> **What this task involves**: Look below for the line holding "根据该提示,Claude的可" and the line holding "Το πρώτο πράγμα". Transcribe exactly those lines and all lines between them, nothing more.

> **Data extracts**:
↓
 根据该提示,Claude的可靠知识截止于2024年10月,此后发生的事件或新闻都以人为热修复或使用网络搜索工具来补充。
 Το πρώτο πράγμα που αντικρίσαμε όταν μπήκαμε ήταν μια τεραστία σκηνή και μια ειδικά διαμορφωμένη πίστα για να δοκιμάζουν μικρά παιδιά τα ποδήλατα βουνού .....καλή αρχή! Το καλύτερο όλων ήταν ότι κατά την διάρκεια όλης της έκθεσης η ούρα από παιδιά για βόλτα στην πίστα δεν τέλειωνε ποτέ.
↑
↓
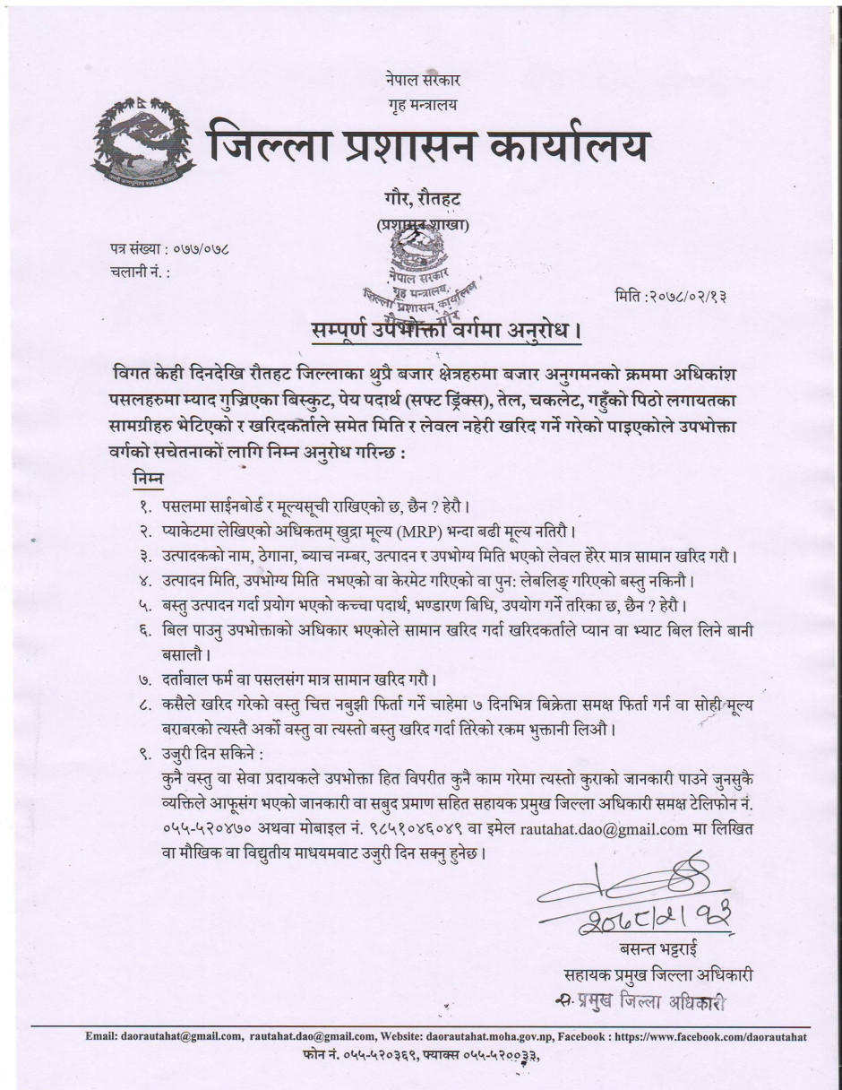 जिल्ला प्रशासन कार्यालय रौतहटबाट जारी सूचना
↑
↓
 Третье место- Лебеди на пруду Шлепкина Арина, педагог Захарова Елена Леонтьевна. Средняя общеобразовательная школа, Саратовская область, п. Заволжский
↑
> **Result**:
 根据该提示,Claude的可靠知识截止于2024年10月,此后发生的事件或新闻都以人为热修复或使用网络搜索工具来补充。
 Το πρώτο πράγμα που αντικρίσαμε όταν μπήκαμε ήταν μια τεραστία σκηνή και μια ειδικά διαμορφωμένη πίστα για να δοκιμάζουν μικρά παιδιά τα ποδήλατα βουνού .....καλή αρχή! Το καλύτερο όλων ήταν ότι κατά την διάρκεια όλης της έκθεσης η ούρα από παιδιά για βόλτα στην πίστα δεν τέλειωνε ποτέ.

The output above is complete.